DIRECTIONS: All pictures are to be omitted while the lines starting at the line with "Лептинелла лапчатковая. Покровное" and ending at the line with "The scene features" in the material below are retyped exactly, both ends included.
START DATA
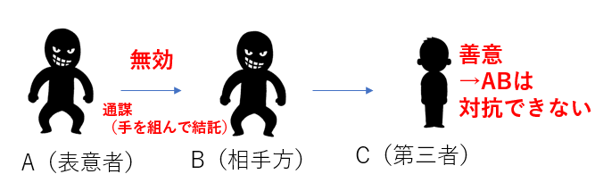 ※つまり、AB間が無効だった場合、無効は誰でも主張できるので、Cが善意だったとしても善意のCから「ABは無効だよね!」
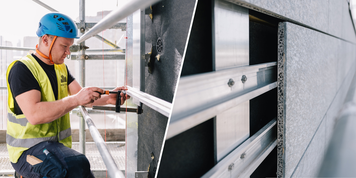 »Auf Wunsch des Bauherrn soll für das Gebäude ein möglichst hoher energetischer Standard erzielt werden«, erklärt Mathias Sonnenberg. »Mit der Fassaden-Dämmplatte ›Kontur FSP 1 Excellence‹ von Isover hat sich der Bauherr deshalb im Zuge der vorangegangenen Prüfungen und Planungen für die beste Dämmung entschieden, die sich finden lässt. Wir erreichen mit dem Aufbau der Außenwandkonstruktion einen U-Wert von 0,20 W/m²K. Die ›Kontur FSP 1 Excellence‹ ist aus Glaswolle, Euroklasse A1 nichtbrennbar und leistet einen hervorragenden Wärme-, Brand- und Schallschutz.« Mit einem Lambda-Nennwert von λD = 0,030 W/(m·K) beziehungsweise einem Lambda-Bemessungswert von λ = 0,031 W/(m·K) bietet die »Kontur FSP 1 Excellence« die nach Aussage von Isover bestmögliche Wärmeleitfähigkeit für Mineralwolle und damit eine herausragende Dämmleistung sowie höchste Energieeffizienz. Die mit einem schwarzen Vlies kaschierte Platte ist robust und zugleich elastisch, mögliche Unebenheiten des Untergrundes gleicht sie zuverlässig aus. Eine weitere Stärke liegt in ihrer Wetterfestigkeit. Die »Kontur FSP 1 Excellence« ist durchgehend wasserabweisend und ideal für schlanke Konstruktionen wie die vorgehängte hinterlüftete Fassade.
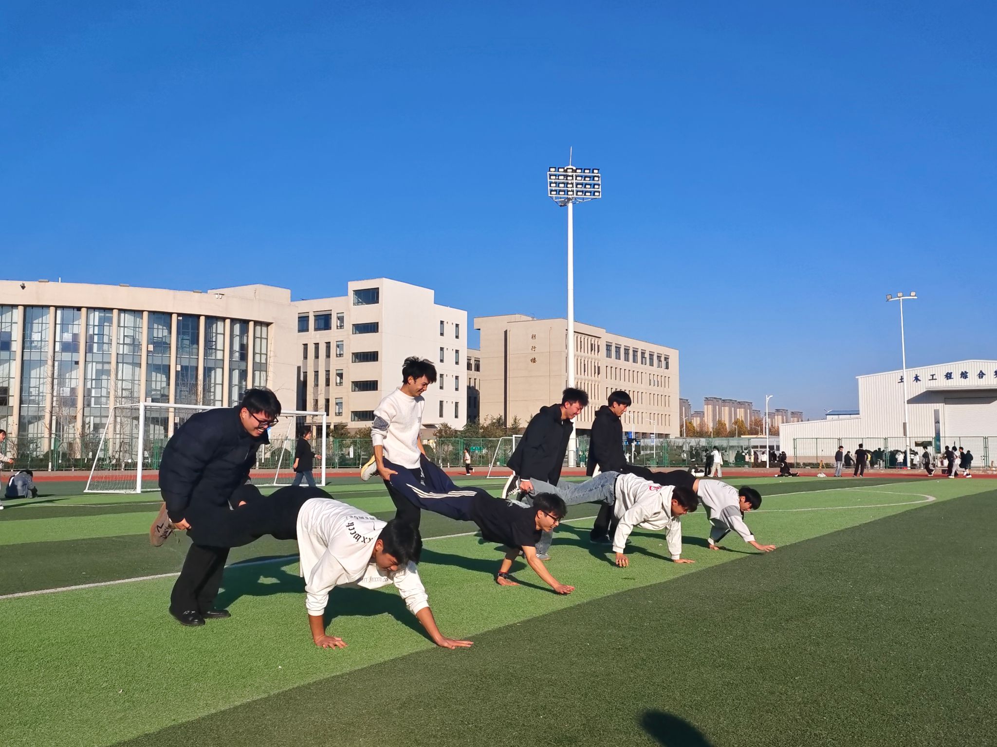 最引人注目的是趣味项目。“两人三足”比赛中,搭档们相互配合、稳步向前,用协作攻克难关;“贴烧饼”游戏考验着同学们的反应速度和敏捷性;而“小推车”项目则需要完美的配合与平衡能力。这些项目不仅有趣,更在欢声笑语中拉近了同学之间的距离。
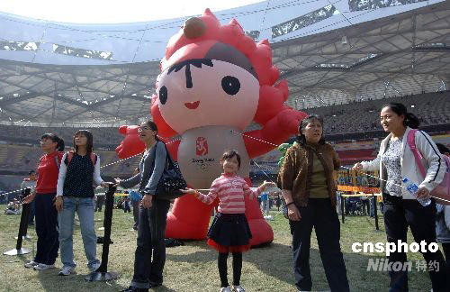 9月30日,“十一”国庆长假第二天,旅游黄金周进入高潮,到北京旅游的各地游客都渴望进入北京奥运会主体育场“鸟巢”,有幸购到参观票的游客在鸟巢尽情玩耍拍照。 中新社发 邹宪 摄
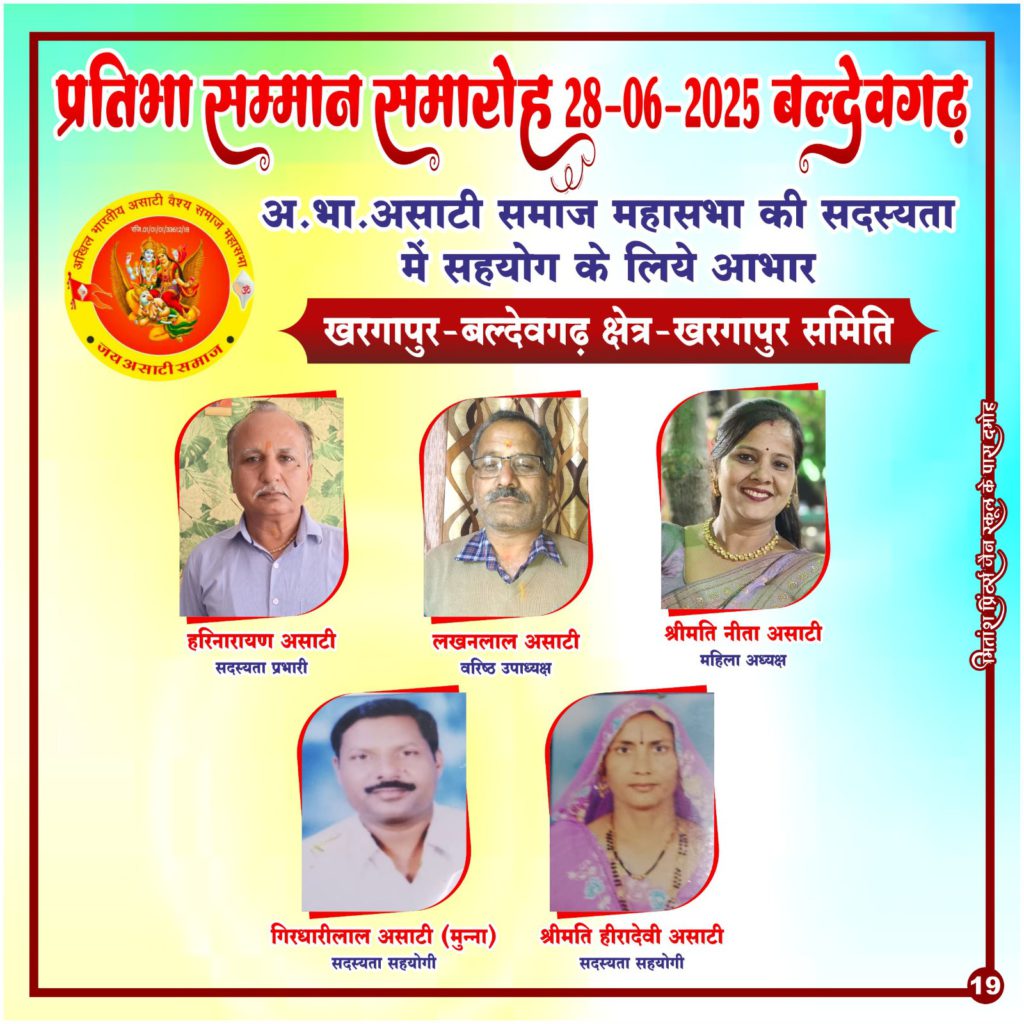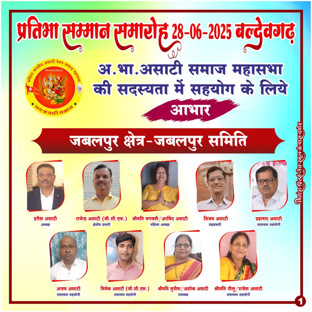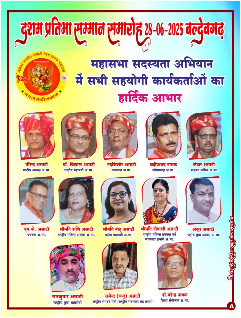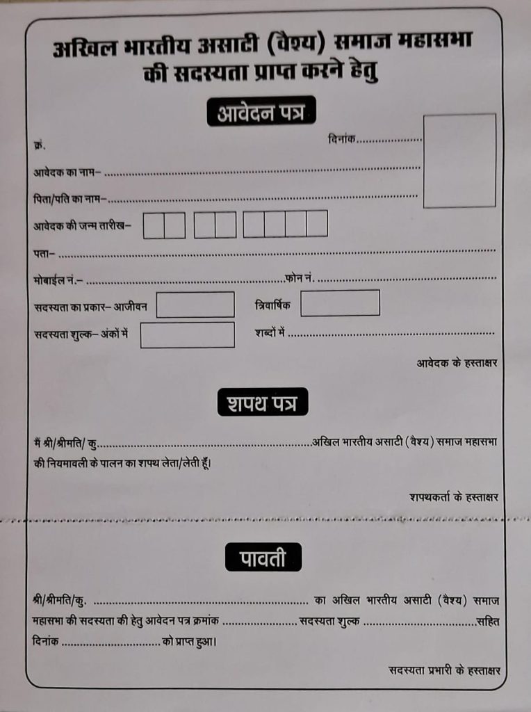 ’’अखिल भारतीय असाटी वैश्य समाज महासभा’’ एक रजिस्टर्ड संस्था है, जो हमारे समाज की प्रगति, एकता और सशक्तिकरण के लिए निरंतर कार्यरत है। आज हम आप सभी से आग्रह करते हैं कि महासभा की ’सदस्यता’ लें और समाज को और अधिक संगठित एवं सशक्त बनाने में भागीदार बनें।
END DATA
START DATA
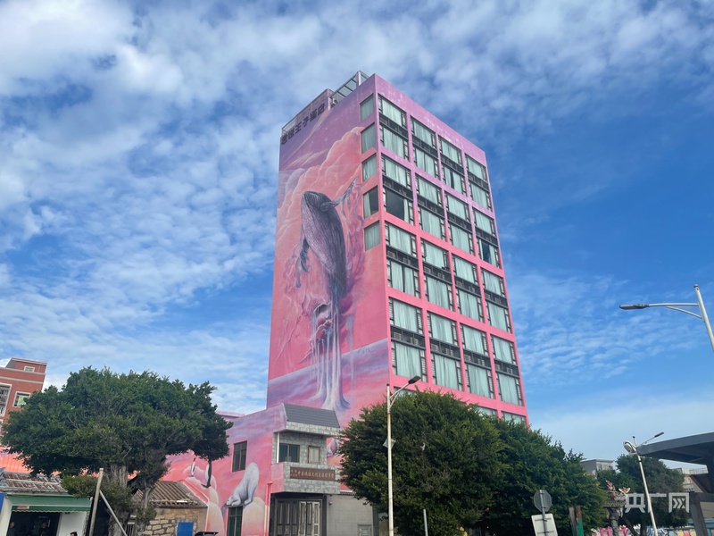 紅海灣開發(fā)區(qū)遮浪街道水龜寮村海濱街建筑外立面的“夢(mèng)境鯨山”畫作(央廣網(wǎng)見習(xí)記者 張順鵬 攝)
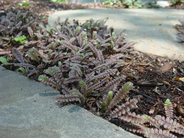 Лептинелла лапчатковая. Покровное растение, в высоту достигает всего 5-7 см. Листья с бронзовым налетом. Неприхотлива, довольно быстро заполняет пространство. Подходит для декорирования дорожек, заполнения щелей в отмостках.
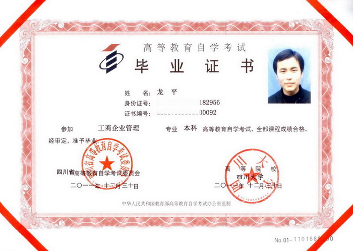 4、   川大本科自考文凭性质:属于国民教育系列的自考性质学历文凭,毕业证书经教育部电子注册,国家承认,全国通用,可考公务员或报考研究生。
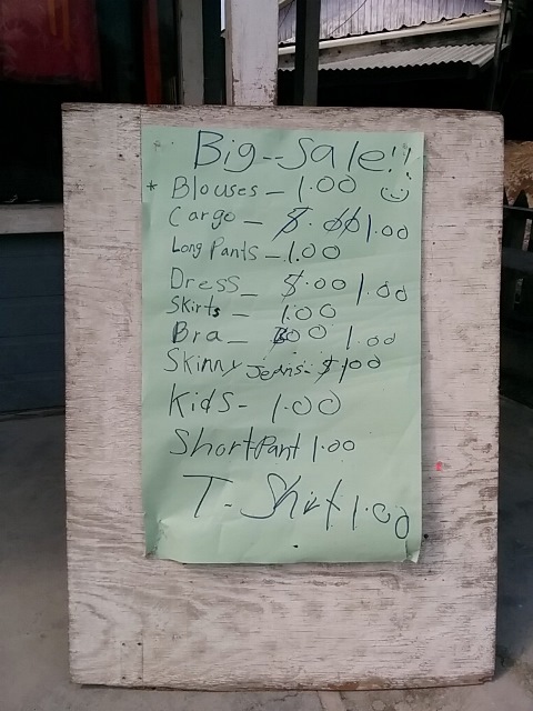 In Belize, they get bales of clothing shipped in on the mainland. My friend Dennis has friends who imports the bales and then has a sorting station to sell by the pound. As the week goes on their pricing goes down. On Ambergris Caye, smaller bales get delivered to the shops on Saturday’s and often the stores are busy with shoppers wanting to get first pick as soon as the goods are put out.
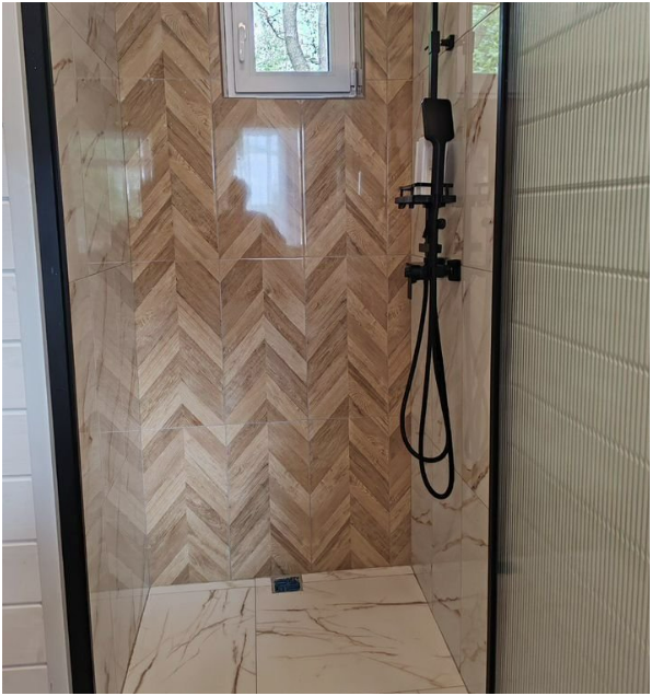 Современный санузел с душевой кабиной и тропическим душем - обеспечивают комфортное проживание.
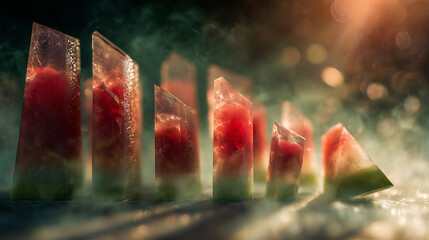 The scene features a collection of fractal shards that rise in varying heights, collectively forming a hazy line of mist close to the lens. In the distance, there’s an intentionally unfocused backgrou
END DATA
SOLUTION TO THE EXERCISE:
 Лептинелла лапчатковая. Покровное растение, в высоту достигает всего 5-7 см. Листья с бронзовым налетом. Неприхотлива, довольно быстро заполняет пространство. Подходит для декорирования дорожек, заполнения щелей в отмостках.
 4、   川大本科自考文凭性质:属于国民教育系列的自考性质学历文凭,毕业证书经教育部电子注册,国家承认,全国通用,可考公务员或报考研究生。
 In Belize, they get bales of clothing shipped in on the mainland. My friend Dennis has friends who imports the bales and then has a sorting station to sell by the pound. As the week goes on their pricing goes down. On Ambergris Caye, smaller bales get delivered to the shops on Saturday’s and often the stores are busy with shoppers wanting to get first pick as soon as the goods are put out.
 Современный санузел с душевой кабиной и тропическим душем - обеспечивают комфортное проживание.
 The scene features a collection of fractal shards that rise in varying heights, collectively forming a hazy line of mist close to the lens. In the distance, there’s an intentionally unfocused backgrou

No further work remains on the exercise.